I come from a typical suburban town in (blank). On the surface it’s a normal, blue-collar community filled with middle class families. Many teenagers often complain that there is nothing to do in town, which may be a primary factor in why drug use has become such an epidemic amongst young people there. Soon after learning that my brother had become one of the many victims, I began to see the tell tale signs and feel the impacts of his drug use. Constantly, he would disappear for several hours only to return home late at night, high and bouncing off the walls. Items in the house suddenly began to go missing, such as precious Christmas presents that my parents had worked tirelessly to be able to afford.

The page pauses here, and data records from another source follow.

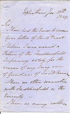 1849 Original Letter - Lord Zetland -Huddersfield & Agbrigg Infirmary, Yorkshire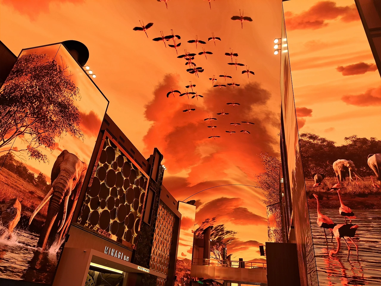 대형 영상을 보자마자 탄성이 절로 나왔다. 에스컬레이터를 타고 올라가니 사파리에 온 듯한 생각이 들 정도로 벽면과 천장에 동물 영상들이 가득 차 있었다. 벽면에는 코끼리, 미어캣, 치타, 천장에는 새 등 아프리카 초원에 온 듯한 착각에 빠졌다.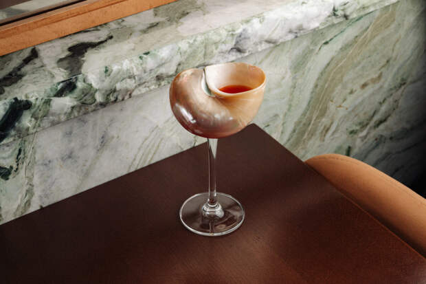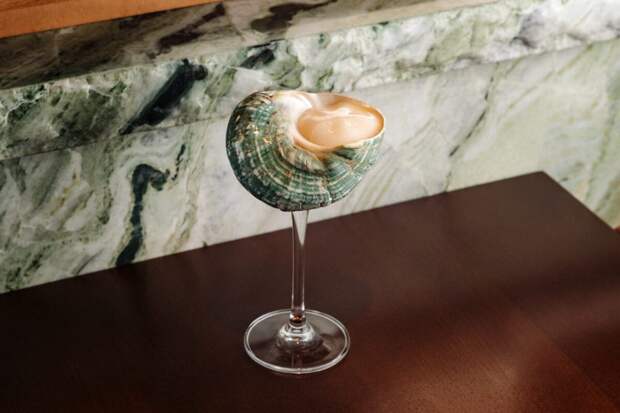 Коктейли подают в бокалах-ракушках, символизирующих дыхание Азии — лёгкое, чувственное и созерцательное.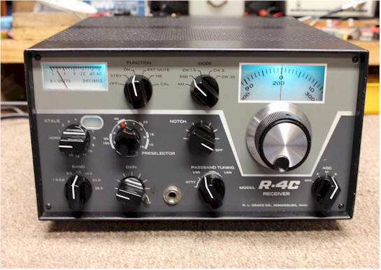 Drake R4C Receiver Fully Refurbished In Mint Condition $390.00 Here is the Drake R4C in near mint condition and comes with the noise blanker. This receiver has been thoroughly cleaned inside and out, the chassis was thoroughly cleaned. The front panel is original and in perfect condition. All the knobs, case and front panel were cleaned and restored to like new condition, the main tuning knob has a brand new chrome insert. The receiver has excellent sensitivity on all bands. The radio has been completely bench checked and serviced, completely aligned according to the manual, all switches and controls were cleaned and lubricated, all functions are in good working condition. The VFO was completely serviced, bearing grease replaced, lubricated and adjusted to provide a smooth light touch tuning, tuning dials cleaned. The blue filters in the VFO and S-Meter windows are brand new, and original blue color. Check out all the pictures, know what your buying before you make a purchase, the pictures tell it all. If you have any questions please e-mail those to: wb4hfn@twlakes.net |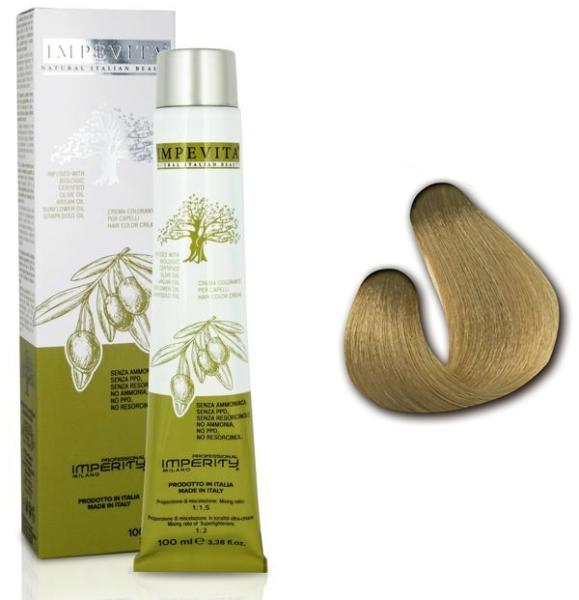 Az Impevita kímélő krémhajfesték garantálja az ősz hajszálak akár 100%-os fedését és a természetes hajszín négy árnyalatú felvilágosítását, A gondosan kiválasztott 4 féle bio olaj: olíva-, argán-, napraforgó-, és szőlőmagolaj egyedi kombinációja biztosítja a természet által nyújtott ápoló, védő hatást a haj számára. Használata: 40vol: 3 vagy 4 árnyalatta
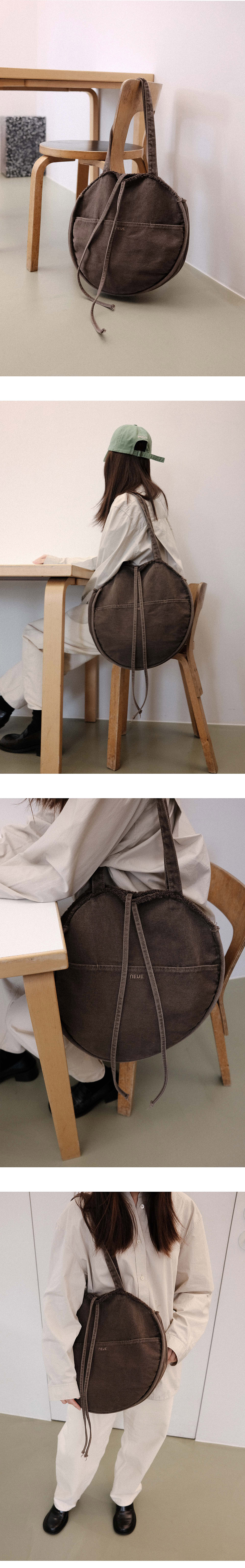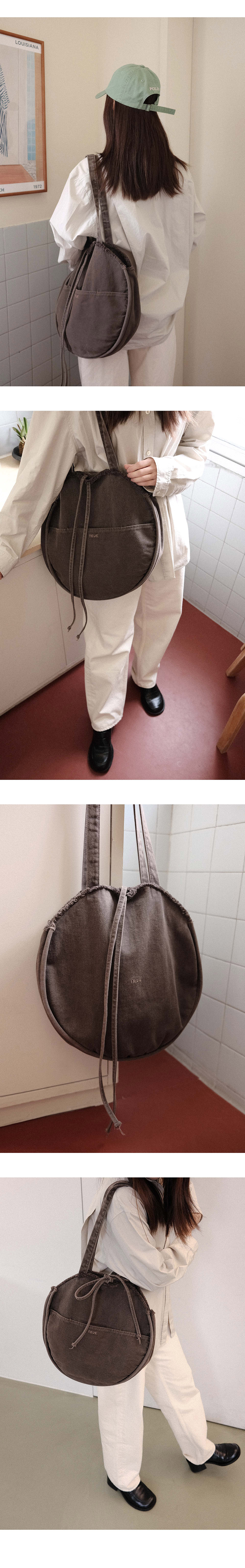 - 가방의 형태가 유지되도록 해리마감된 원형백 - 밀도있고 탄탄한 7수 Nonspan 데님원단 - 워싱디테일과 빈티지한 컬러의 가먼트다잉 - 가방 전면의 반달 포켓과 내부 포켓 - 2가지 스타일링이 가능한 양면 디자인 - 데님원단의 특징을 살린 프린지 디테일 - 스냅과 리본으로의 여밈이 가능한 가방 입구 * 가먼트 다잉의 특성상 비와 땀에 의한 이염 우려가 있으므로 밝은 컬러 의류 착용시 유의하시기 바랍니다. * 가방의 일부분만 세탁시 얼룩이 생기오니 반드시 전체 단독 세탁 하시기 바랍니다. * 수차례 워싱을 거친 제품으로 반드시 기입된 사이즈를 체크해주세요. * 가먼트 다잉은 후염 기법으로 봉재선에 따라 자연스럽게 염색이 되어 얼룩한 느낌이 날 수 있으나 이는 불량이 아닙니다.

A vicious cycle began to undertake amid his drug use. He would steal and pawn something off in order to get his fix and my father would kick him out of the house upon his returning in a stupor. This would always be a short-term fix as none of us truly had the guts to turn our backs on him and he’d soon return home. I often contemplated whether or not he would be better off in a prison for a time being. He was arrested several times for minor possession and DUI charges. Each arrest led to the same thing, a hefty fine that did nothing but place a financial burden on my parents who were already struggling to make ends meet. However, nothing ever resulted from his trials that aimed to help him overcome his drug addiction.
I knew my brother was not the monster he had become, and several times we would have deep conversations where he’d express a desire to get himself clean. He even checked himself into a rehabilitation clinic at one point, a free program run by a Catholic organization. However, he soon checked himself out after seeing how much older and more religious the rest of the patients were than him. I had researched many other rehabilitation programs in the area, but with my family having no health insurance these programs were simply impossible for him to attend. Soon enough the cycle would resume and he was back to his drug use.

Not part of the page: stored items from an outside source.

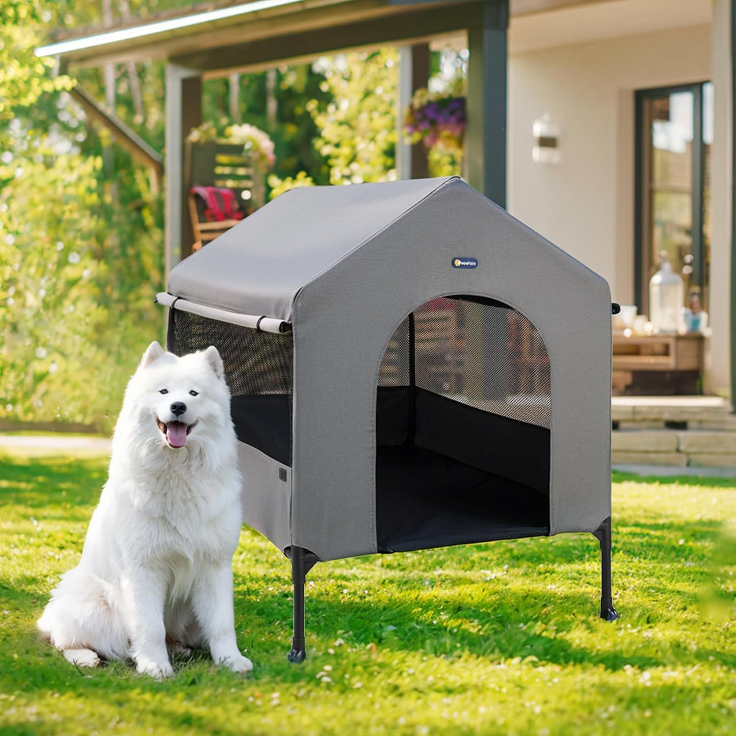 Veehoo 35" Dog House, 2-in-1 Large Dog House Outdoor Indoor Weatherproof, Outside Elevated Dog Cot Bed Dog Tent Shade, Three-Sided Breathable Mesh Windows and Sunshades, CWC2435CP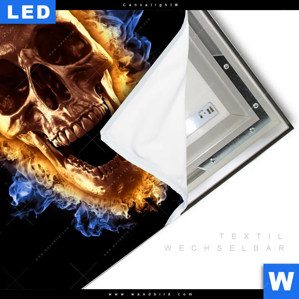 Canvalight® TEX Leuchtbild | Schädel in Flammen | Quadrat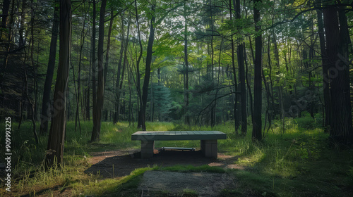 Stone bench in a lush green forest setting.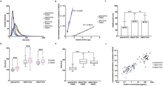 CMDR labeling of EVs. (a) Distribution of particles in scatter and fluorescent mode (640 nm) for EVs from plasma and cBALF. A representative NTA histogram of one patient is shown. (b) Concentration of particles measured in fluorescent mode (640 nm) depending on the volume of the EV sample taken to measure the BALF and plasma EVs of one patient. A line from simple linear regression with CI and R2 was plotted for both types of EVs. (c) The percent of CMDR-positive particles in comparison to all particles visible in scatter mode for all analyzed EV types. (d) Comparison of EV mode sizes measured in scatter and after CMDR labeling within the three analyzed EV types. (e) Comparison of the mode sizes measured after CMDR labeling of the three analyzed EV types. (f) Correlation between the concentration of particles and protein concentration for plasma and BALF-EVs after CMDR staining. Graph (c) presents mean and SD for all patients. Graphs (d,e) presents a Tukey plot for all patients. *** refers to p value ≤ 0.0002, * refers to p value ≤ 0.05, ns refers to p value > 0.05 from t-test-paired comparison.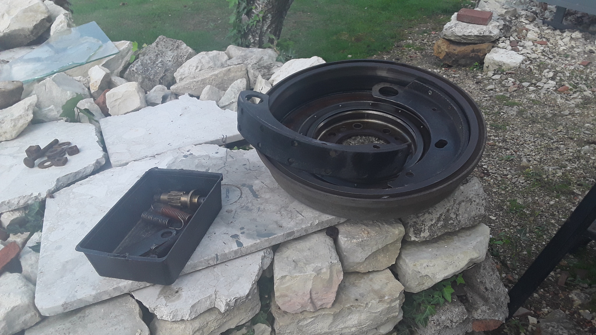 Tambour et machoire/garniture huileuses, changement de garniture à rivetée, tout de même encollée avant.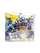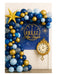 El set incluye globos en tonos azul y dorado, además de figuras decorativas como estrellas y globos metálicos

Finally one night my parents could take no more and called the police upon one of his late night returns. He fled the house and the officers informed us that they would arrest him upon his return. Fortunately, he ended up at the (blank) Mission where he was able to finally beat his addiction. Visiting him for the first time in that old, under kept building on Christmas morning was one of the proudest moments I’d ever felt. Although he’s had several relapses since then, I’m happy to say that he’s been clean for over six months now.

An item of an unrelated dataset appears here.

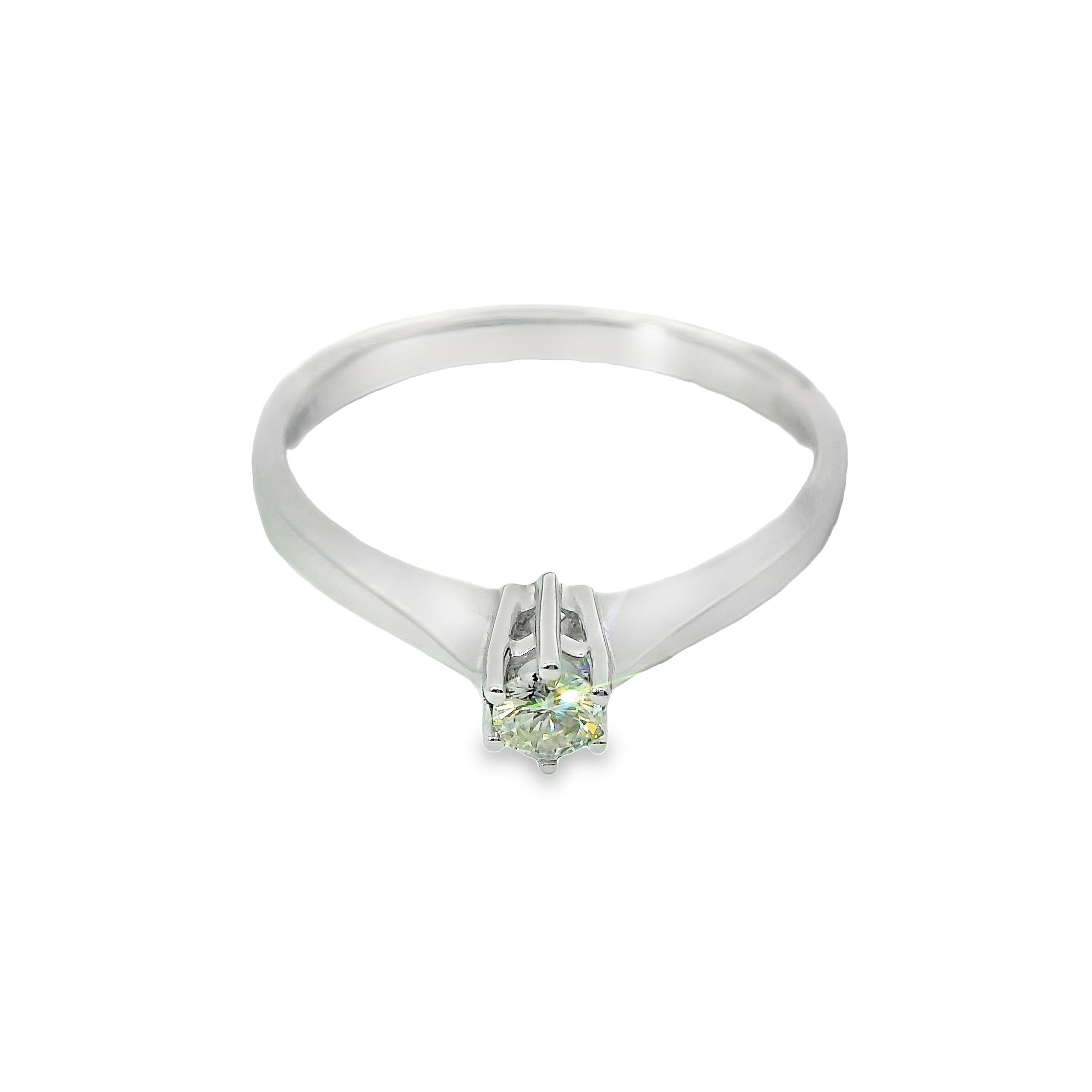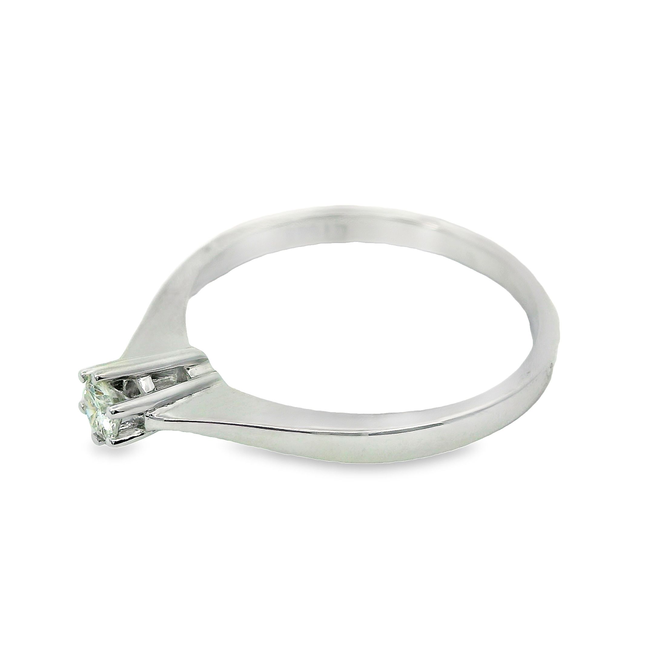 Deze ring van Louis Bros is vervaardigd uit 14 karaat witgoud (2.20 gr.) en is gezet met 1 briljant geslepen diamanten met een totaalgewicht van 0.06ct. De ring heeft een diameter van 2.5 mm, minimale breedte van 2 mm. en een hoogte van 5.5 mm.Deze adembenemende witgouden solitaire ring met een schitterend steentje is de perfecte keuze voor een speciale gelegenheid. De combinatie van het elegante witgoud en het stralende steentje zorgt voor een tijdloos en stijlvol design. Laat deze prachtige ring de blikvanger zijn van elke outfit en laat het de liefde en verbondenheid symboliseren. Een betoverende keuze voor die ene speciale persoon in je leven.

Not everyone who deals with drug addiction is as fortunate as my brother was. Many are unable to break the cycle of addiction before it’s too late and they end up in prison or worse, dead from an overdose. I find the current system of minor financial punishment for drug offenders to be inadequate. Without presenting them with an opportunity to better themselves, these punishments are just another component in the cycle of addiction. I hope to one-day influence public policy, as a lawyer, to make quality rehabilitation opportunities available to those who cannot afford them and incorporate them into the judicial process as a means of criminal correction. If admitted to (blank) Law School I will work tirelessly to learn as much as possible so that I can one day make a positive impact on a plague that cripples so many communities across the United States.